As for artists. Well, after visiting the Sistine Chapel and seeing the ceiling paintings by Michelangelo it was mind-blowingly beautiful. However, I appreciate varied art styles and techniques, Cubism, Pop Art, Impressionism, Surrealism and Art Nouveau. Art and painting, I believe, is very much in the eye of the beholder. It is a very powerful visual aid that can be good or bad. I once went to a Bridget Riley exhibition and had to leave, it made me feel as though the room was moving. I couldn’t stand still. Very clever, although not for me. Another time whilst abroad I wondered into a Salvador Dali art display, I’m not so keen on Surrealism but loved his sculptural work, which later I taught to my art students. We had a lot of fun cutting out watch face pictures and going to a car boot sale to buy old watches to break up to make our own sculpture in Dali style. You can always be open minded and learn new skills and reproduce something you would never have thought of doing. My favourite is Vincent Van Gogh. I studied him for my A level art. Genius or Madness? I often wonder how he would be described today, now we know far more about mental health. Finally, I love the old Norwich School painters. John Sell Cotman, John Crome and Stannard, possibly because their subjects were often local and rural scenes of Norwich and Norfolk,
Top 5 movies of all time and briefly why?
Movies for me are probably the classics. Pretty Woman, Dirty Dancing, Ghost, Bridget Jones and The Full Monty. Sad I know, but they make me laugh and chill out.
Top 5 books and why?
Anything by Sir David Attenborough as he is my hero! Also a lady called Emma Turner who is becoming more well known these days. Several photos related to her have been discovered and a new book about her has just been printed for the Norfolk and Norwich Naturalist Society.
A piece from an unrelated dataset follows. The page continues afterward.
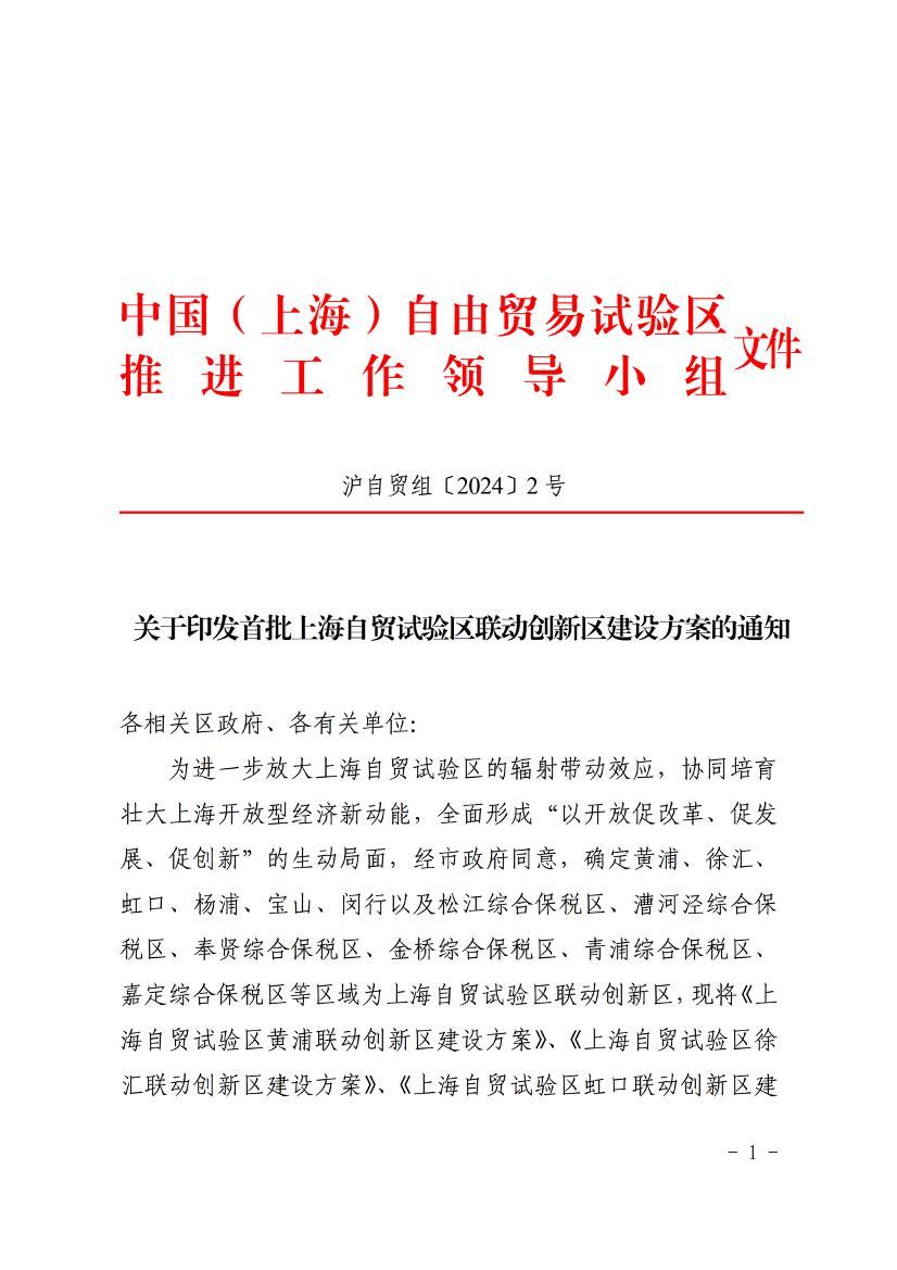 附件:1.上海自贸试验区黄浦联动创新区建设方案

A great book written by my friend James Parry and Jeremy Greenwood. Her most celebrated book, Broadland Birds, was published in 1924. She was a female photographer who took the first photo of a Bittern, in 1911 at Hickling. This proved they were here in the UK after being thought to be extinct. Most of my books are either on art, birds or wildlife. I have read loads of books in the past especially when studying, but I like factual books these days that I can dip in and out of to find out more about a particular species.
Who or what are your heroes/heroines/greatest Inspirations?
As I have said Sir David Attenborough is my hero, and even as a child I loved watching his programs, which back then if I remember were in black and white!
I was so excited when I was invited by Norfolk Wildlife Trust to attend their 90th Birthday celebration where Sir David was the guest of honour to celebrate the newly acquired land at Cley. It was a truly wonderful day. To sit just behind him watching his silver hair blowing in the gentle breeze on a sunny afternoon was amazing. A red letter day for me I shall never forget. I felt so privileged. I don’t think NWT really realised just how much it meant to me.
My other hero is the author I mentioned earlier, Emma Louisa Turner (1867 -1940 ) She was a pioneering bird photographer in what was, back then, very much a man’s world. She was self taught and spent a lot of time here in Norfolk, at Hickling, photographing birds in the reedbed. Her books are so interesting and inspirational, I have learnt so much from her.
I try to model myself doing what she did. For example, listening and watching the behaviour of the birds, anticipating by their behaviour what they would do next or how to spot which bird is moving around by the way the reeds move! However, unlike Emma I have not laid down in the reedbed and been covered by reeds and rotten vegetation to be hidden and camouflaged! Although I have lain and crawled along in the reedbed to take photos of cranes in the past.
What makes you happy?
Being with my family makes me happy. I love having time with the grandchildren and doing things with them. We paint and draw. We go walking with the dogs. We pick Elderflowers and make cordial, which we drink all year round. We bake and just enjoy being together. My grandson used to go out a lot with me seeing wildlife when he was younger, he is just coming to the end of his degree so he has been busy studying. He often phones me to say he has seen a red kite or a fox when he has been out and about. The seed has been sown and am sure he will get back into it again sometime.
What makes you sad?
When I am out and hear bad language in the streets. Sitting on the bus and every one is on their mobile phones. When you give someone something and they don’t say Thank You. I just think manners today are not so good. Maybe I’m just a grumpy old woman!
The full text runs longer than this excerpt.